Building science and my cat

Posted Tuesday, April 22, 2014 in Sustainable Maine

Building science and my cat

by Paul Kando 

Could my cat know better how the laws of thermodynamics I wrote about last week apply to keeping warm in winter than the men who built my once-leaky old house? Mid-morning, in the sun-room, he curls into a ball, fur fluffed. An hour later, he stretches out, his fur smooth as silk. By noon he is stretched out on the cool kitchen floor. He purrs contentedly even when I, with no fur, reach for a sweater to ward off the chill of another cold and windy April day. We share a warm-blooded coexistence, so I might as well  settle down to learn.

A cat’s body temperature is about 101ºF, mine  5º lower. We both seem comfortable when the room is between 68 and 70ºF – some 30º cooler. That’s because, like a house, we have built in heating systems: our metabolisms. We would overheat if we couldn’t radiate our excess heat to our surroundings. Not hot, not cold, that’s the idea. Pick the best spot to keep comfortable.  Curl up or stretch out to vary your surface area. To vary the amount of insulating air, fluff up your fur just so if you are a cat, put on or doff layers of clothing if you are a human.

Our comfort depends on our surroundings. We absorb heat from a stove, or radiate it to a colder window. Air blows at us or away from us. We absorb or lose moisture. These are the building blocks of being comfortable. We can adapt to the seasons.  Some even move back and forth between Maine and Florida.

A house cannot adapt like this.  What it can do, is keep conditions surrounding us – temperature, air movement, relative humidity, air quality –  stable and comfortable.

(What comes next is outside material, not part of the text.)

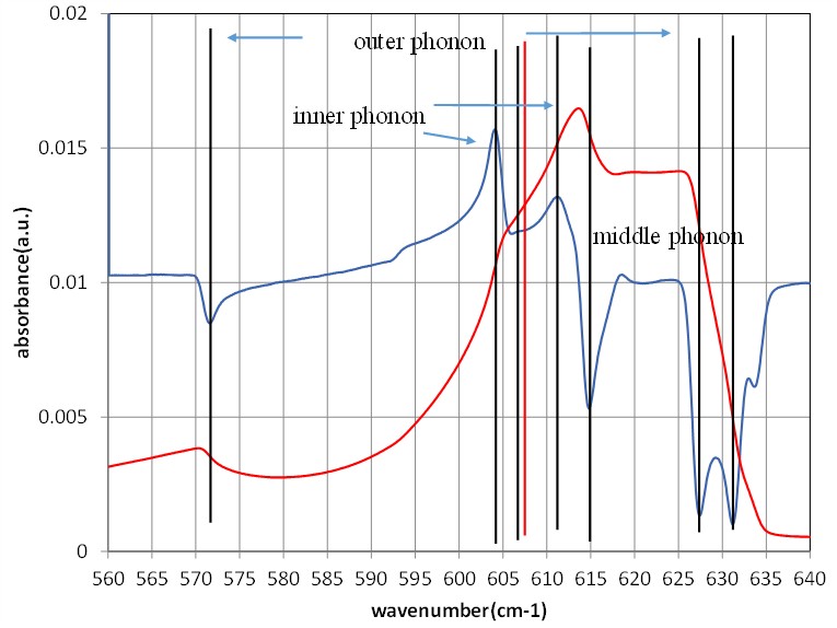 原子は熱により格子振動しており、振動数と同じ周波数の赤外線を吸収する。(図1 透過率スペクトル、phonon/ref)

Just like an animal’s fur coat – or body-hugging long johns and sweaters – a well built house wraps its occupants in an airtight, superinsulated envelope. Like a cat that curls up in the sun, a well-built house is oriented to maximize solar gain. Like a late winter nest snug around newborn squirrel, skunk and bear, a well built house keeps its occupants comfortably dry and warm. 

A Passivhaus (PH) does this most cost effectively, because it optimizes the house as a system, down to the smallest detail, before anything happens on the building site. Modeling by computer what needs to be bought, how construction must proceed in order to ensure a predetermined performance and ruling out waste and mistakes in advance, is more efficient and less expensive than “winging it” or making and correcting errors on the building site.

On these pages, I describe what I consider the best PH system features I have observed in Maine. However the key to  PH construction is the system optimization. In other words, you cannot build a PH by merely combining features as if, like most conventional houses, it were just an assembly of components. Furthermore, since PH details are left up to each designer-builder, they may vary from house to house, even though overall systemic performance will not. 

A PH surrounds its occupants from all sides, including from below. In my opinion, the most cost-effective PH foundation is a super-insulated concrete slab. Since the house will need no bulky conventional heating system, why have a hard-to-keep-dry Maine cellar? A floating slab may feature 12" of rigid polystyrene (EPS)  insulation over a crushed rock bed, in effect serving as the form into which 8" of steel-reinforced concrete is poured.  In this arrangement the slab’s edges are also superinsulated. The EPS layer is extended 48" around the perimeter, slightly slanted away from the slab, to channel rainwater away from the building and protect the foundation and the surrounding ground from freezing, down to the 4' frost line.

Concrete is not a good vapor barrier. Therefore a continuous polyethylene vapor barrier is added, meticulously sealed with a specially designed tape around all pipe and utility penetrations. This continuous barrier will also be taped to the air/vapor barrier of the walls, forming a continuous airtight cocoon around the heated building envelope. The total thermal resistance of such a slab foundation is about  R-54, compared with about R-3 for a conventional 4" concrete slab, the edges of which are often left uninsulated.

If a PH is built over a garage or unheated basement, the basement ceiling is air-sealed and superinsulated, with its vapor barrier sealed to the walls, as above. The air-tightness of this continuous barrier is so important that most PH builders test it with a blower door during construction.

In retrofitting an existing foundation, the first task is to keep the basement dry, by preventing moisture infiltration and removing water that cannot be kept out. Beyond these basics, some of the techniques described above may be emulated. For example, insulate around the perimeter of a concrete slab, frost-protect a foundation wall with a foam board slightly sloping away from the house, add a polyethylene sheet to a cellar or crawl space floor, seal the foundation to the rim-joist, air-seal the sub-floor above unheated basements and crawl spaces, and superinsulate basement and crawl space ceilings. For best results, plan improvements based on a thorough, independent, energy audit. In general, don’t just fix leaks, insulation, ceilings, walls, basements and attics: improve your home as a system!